Similar in Norway, where there are times of the year companies basically shutdown or run on minimal staff. In Norway this is July, Italy has similar for August.

But ultimately I think it's culture as much as policies. The US, and lesser extent the UK, has a culture of submitting to work over life (as do other countries, so not singling out the US or UK here). In the UK I had to nag people to take holidays and there was usually a holiday crunch at the end of the year when lots of people took time of just because they had to.

Whereas, living in Norway now, the Scandinavian ethic of maintaining a good work/life balance means there's not really a problem of people not using all their holidays. Or work much overtime either.

Really? Which country mandates that?

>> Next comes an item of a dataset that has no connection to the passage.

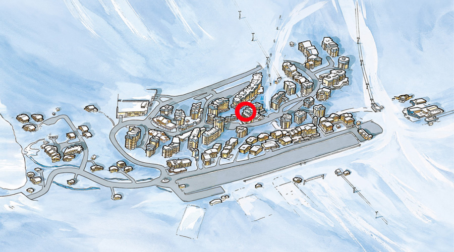 L’une des salles du Grattalu, d’une capacité de 16 places, offre une vue agréable sur la place des Curlings, centre de vie de Tignes Val-Claret.

Or do you mean it's employer-mandated?

This is Switzerland and part of the OR ("Obligationenrecht"), §329c, paragraph 1 [0]

[0] https://www.admin.ch/opc/en/classified-compilation/19110009/...

The law in Germany pretty much states the same.

Don't forget that regardless of your other vacation policies, people in finance should be required to take multi-week vacations each year, at different times each year.

How do you handle the person who’s taking a lot more time off than others?

I don't understand miscommunications like this between employer and employee.

I think the employer needs a more specific solution than "unlimited vacation" if the concern about fixed-allowance leave was a lack of flexibility for shit-happens situations.

I'd be curious about "compensated for work done".

Not taking paid vacation you're allowed to take is so weird. I mean, it's like not taking your whole paycheck and leaving it to your employer.